▶ Given data:
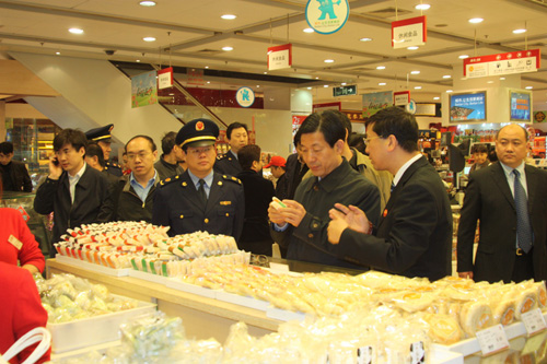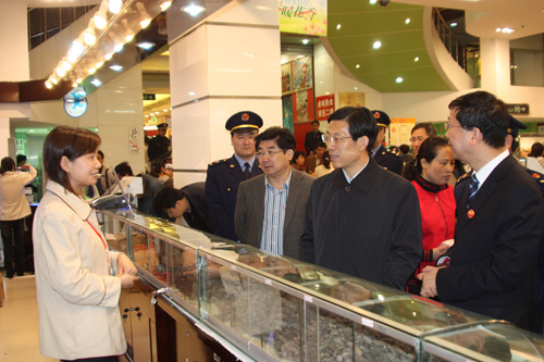 4月22日上午,国家工商行政管理总局副局长王东峰一行在上海市工商局领导的陪同下,来到第一食品连锁视察。
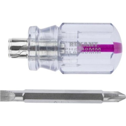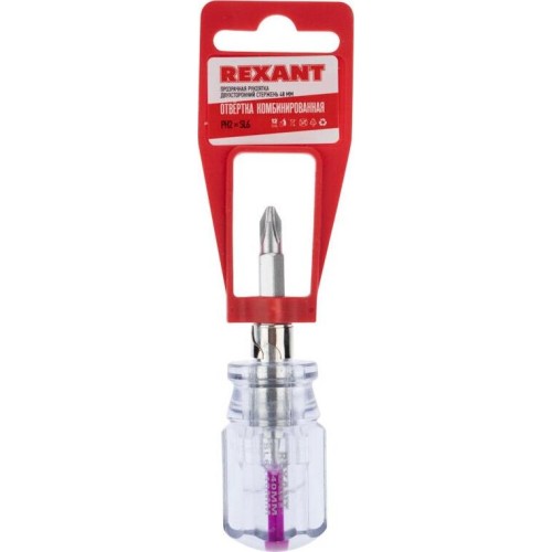 Отвёртка комбинированная, прозрачная рукоятка, двухсторонний стержень 40 мм ( PH2 , SL 6 мм) Rexant
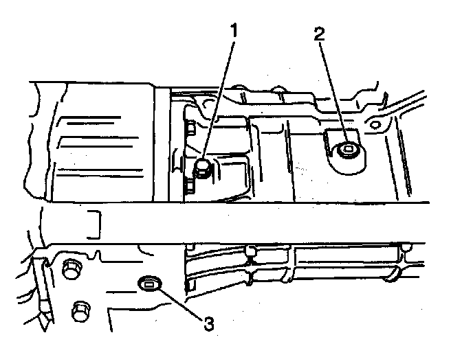 15. Remove 2 bolts (2) from the rear transmission mount.
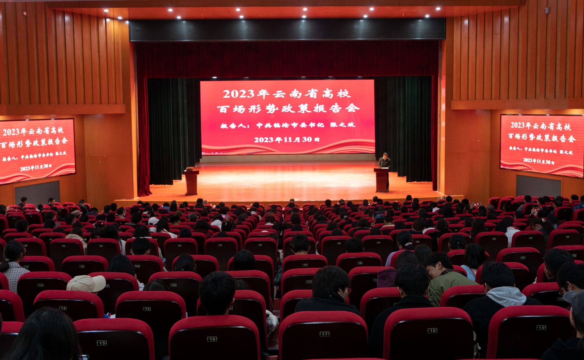 11月30日,临沧市委书记张之政到校调研并作形势政策报告会,校党委书记阮凤斌主持会议并讲话,校党委副书记、校长董大校出席会议。
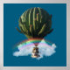 Surreal Cat Hot Air Balloon with Cactus & Rainbow Poster
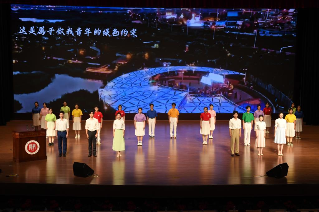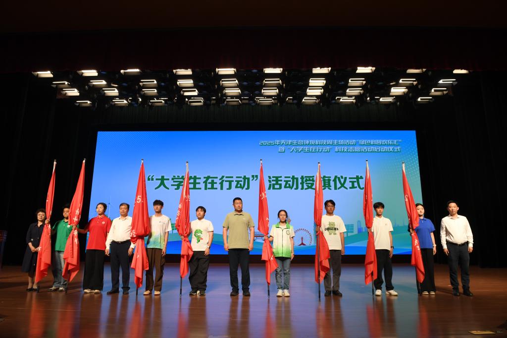 与会领导为来自天津大学、河北工业大学、艾弗森贝博ballbet官网、天津理工大学、天津农学院、天津现代职业技术学院、天津石油职业技术学院、天津铁道职业技术学院等8所高校的环保科普活动志愿者代表授旗,勉励广大津门学子在发展新质生产力上勇争先善作为,以行动传递绿色能量,让生态理念走进千家万户,让科技赋能普惠津城。
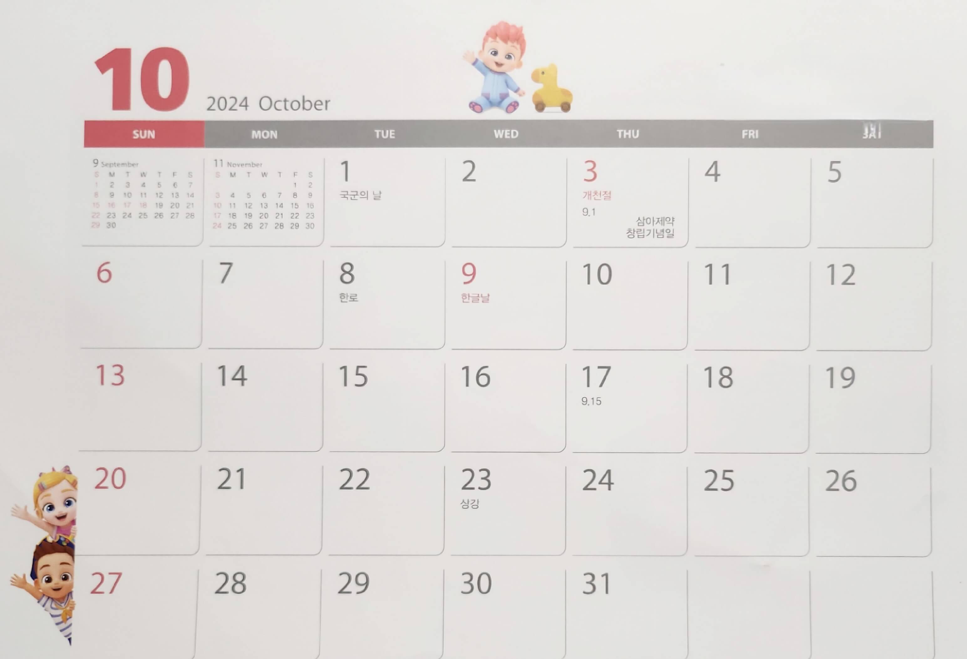 - 10월(2일) : 10월 3일 목요일 개천절, 10월 9일 수요일 한글날
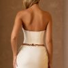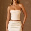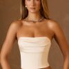 Dress up and dress down with the Isla corset top. A classic and versatile piece with built-in boned support, it’s crafted from premium lightweight satin with a touch of stretch to a bandeau silhouette, framed with a draped cowl neck. The signature lace-up back is fully adjustable for your perfect fit.
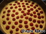 Выложить тесто в разъемную форму номером 26, сверху - малинку, немного прижать ее ложкой.
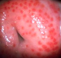 Vaginal exam of women infected shows an erythematous, "strawberry" cervix.
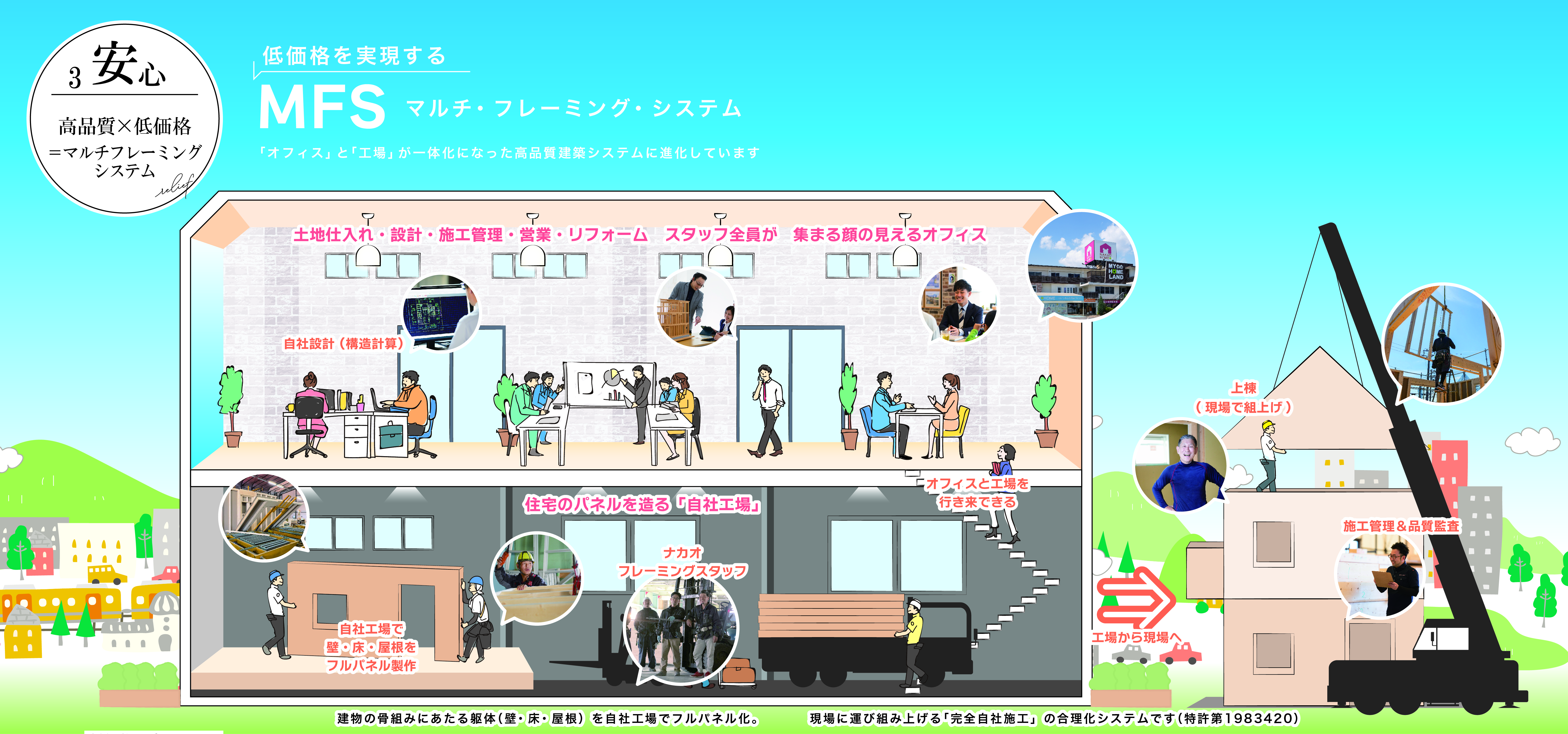 現場に運び組み上げる「完全自社施工」の合理化システム(特許第1983420)のことを言います。
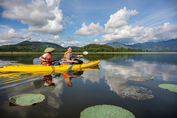 Du khách chèo thuyền trên hồ Lắk.
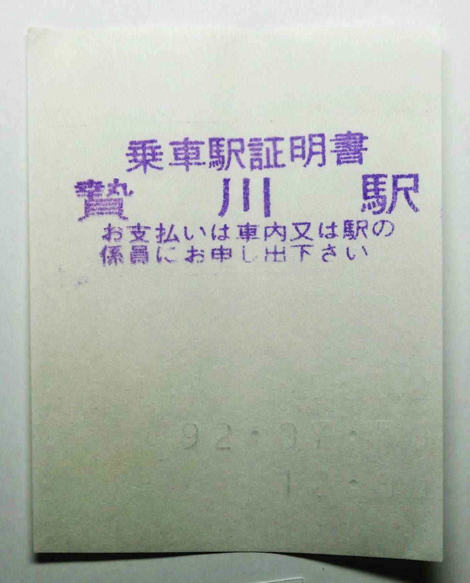 E59204 JR東海 乗車駅証明書 贄川駅 にえかわ 1992.7.30
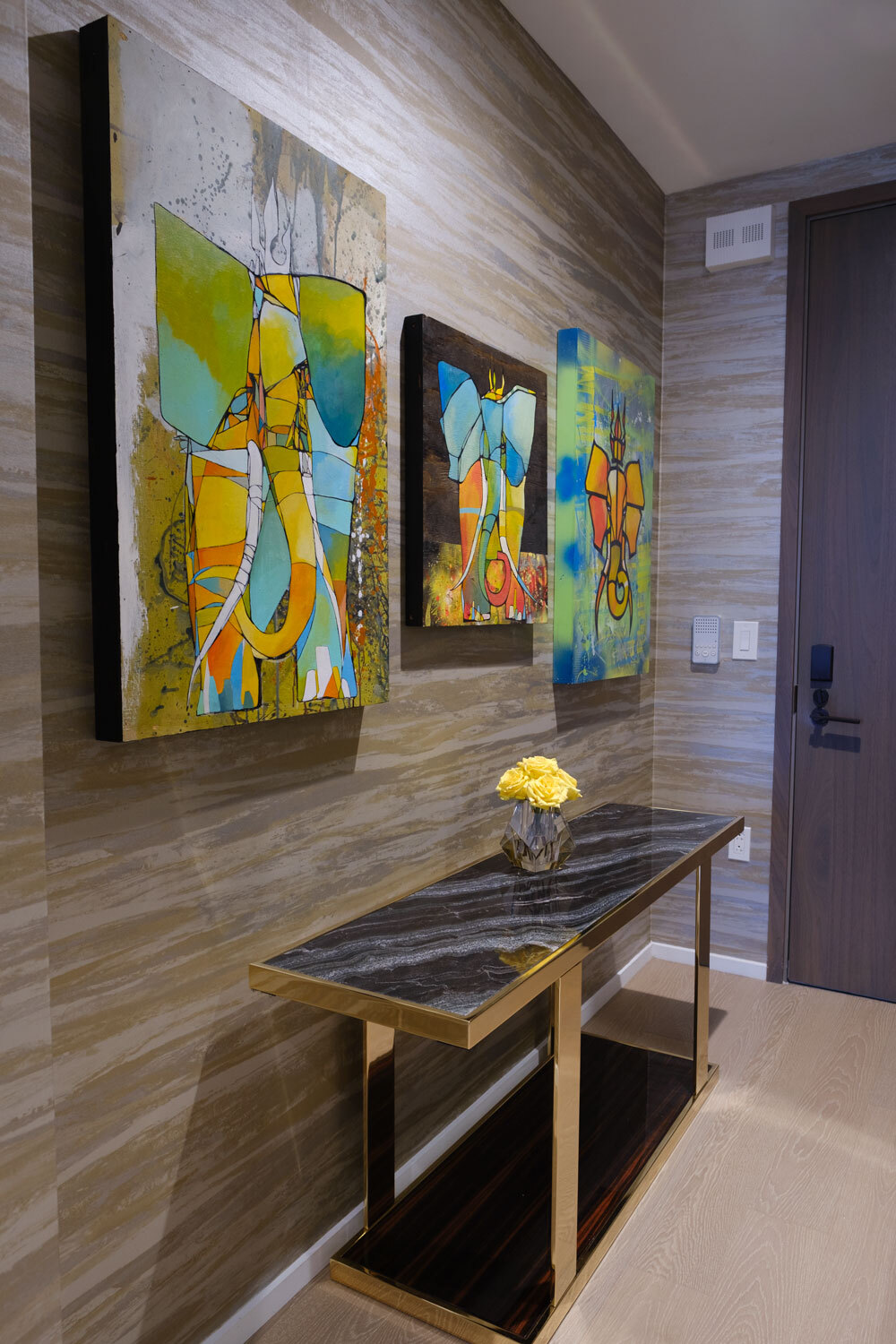 The walls aren’t the only place for art in a hallway. The best thing about decorating hallways is how easy it is to get creative with where you display things. Get a little adventurous and try hanging artwork at different levels instead of one large piece on one wall–this will keep it from feeling too cramped or cluttered in long hallways (not to mention, an eclectic grouping can draw the eye down a longer corridor).
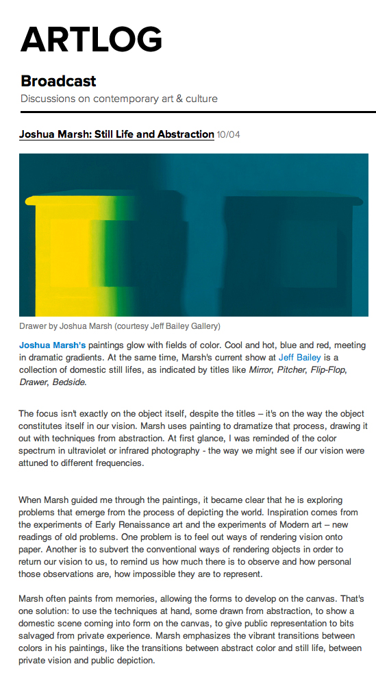 Joshua Marsh: Still Life and Abstraction ArtLog, October 4, 2010
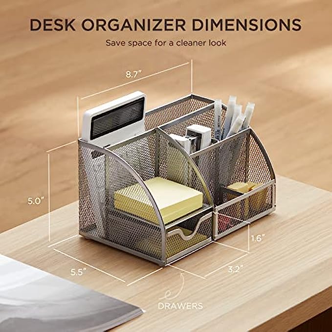 • 【SOPHISTICATED DESKTOP STORAGE】This desk organizer measures 8.7(L) x 5.5(W) x 5(H) inches and weighs 1.37 lbs. Mesh desktop organizer is perfect for dens, desks, dressers and workbenches, use it as a pencil holder, pen holder, desk organizer, makeup organizer or small tool organizer
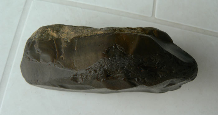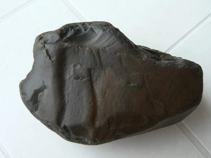 Toujours dans la série des cailloux du bord de mer, trouvé ce silex qui me semble être un chopping-tool avec ses trois enlèvement caractéristiques, il ressemble beaucoup à ceux que j'ai pu voir sur le net.
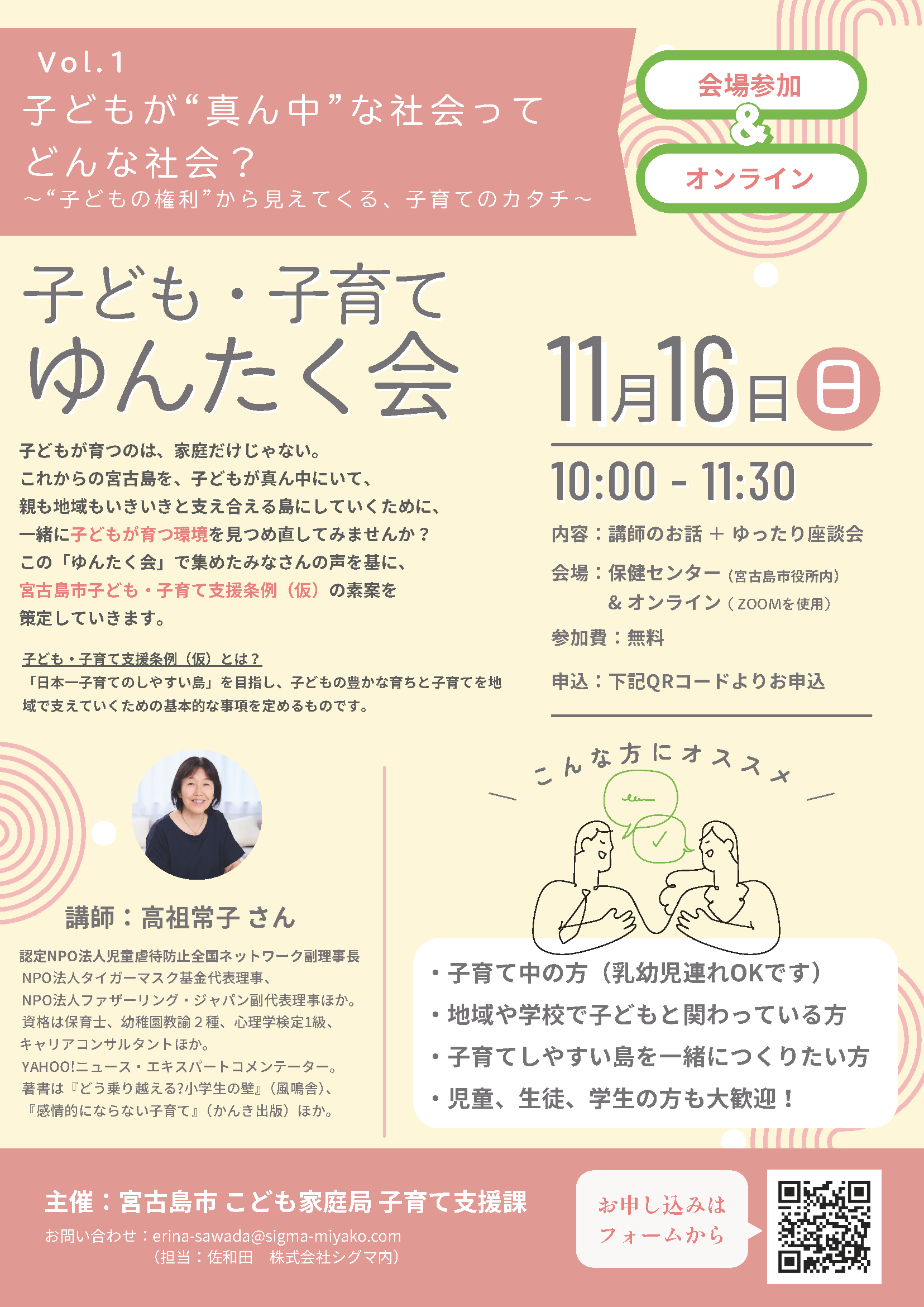 - 児童・生徒・学生の方も歓迎 - 主催:宮古島市 こども家庭局 子育て支援課
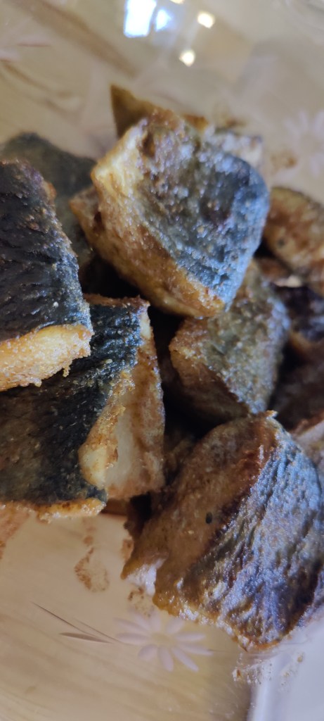 De skal stege 3-4 min på hver side – endelige ikke steges tørre.
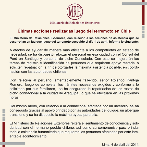 Conoce las últimas acciones realizadas por la @CancilleriaPeru luego del #terremoto en #Chilepic.twitter.com/xZn038enjV
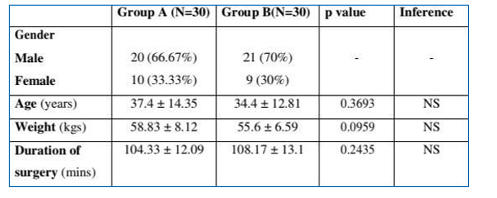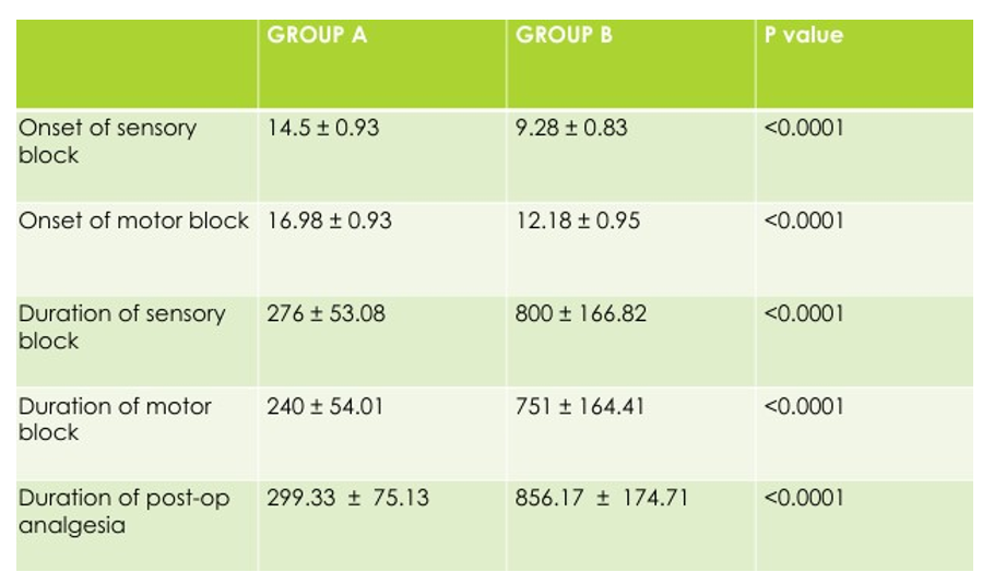 It is evident that Group B, receiving the adjuvant Dexmedetomidine, demonstrated a faster onset of sensory and motor block, longer duration of both sensory and motor block, and a prolonged duration of analgesia compared to Group A, which received only plain Bupivacaine without any adjuvant.
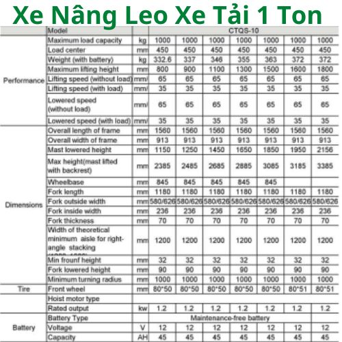 Thông số kỹ thuật xe nâng tự leo 1 tấn (tham khảo)
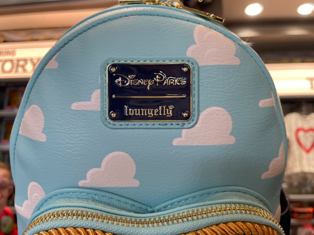 The backpack is mainly light blue with white clouds — the iconic wallpaper of Andy’s room.

▶ Work item: Above are some records. Output exactly the lines from the one that contains "15. Remove 2" to the one that contains "- 10월(2일) : 10월 3일 목요일 개천절, 10월 9일 수요일 한글날", keeping both, and omit the pictures.

▶ Answer to this task:
 15. Remove 2 bolts (2) from the rear transmission mount.
 11月30日,临沧市委书记张之政到校调研并作形势政策报告会,校党委书记阮凤斌主持会议并讲话,校党委副书记、校长董大校出席会议。
 Surreal Cat Hot Air Balloon with Cactus & Rainbow Poster
 与会领导为来自天津大学、河北工业大学、艾弗森贝博ballbet官网、天津理工大学、天津农学院、天津现代职业技术学院、天津石油职业技术学院、天津铁道职业技术学院等8所高校的环保科普活动志愿者代表授旗,勉励广大津门学子在发展新质生产力上勇争先善作为,以行动传递绿色能量,让生态理念走进千家万户,让科技赋能普惠津城。
 - 10월(2일) : 10월 3일 목요일 개천절, 10월 9일 수요일 한글날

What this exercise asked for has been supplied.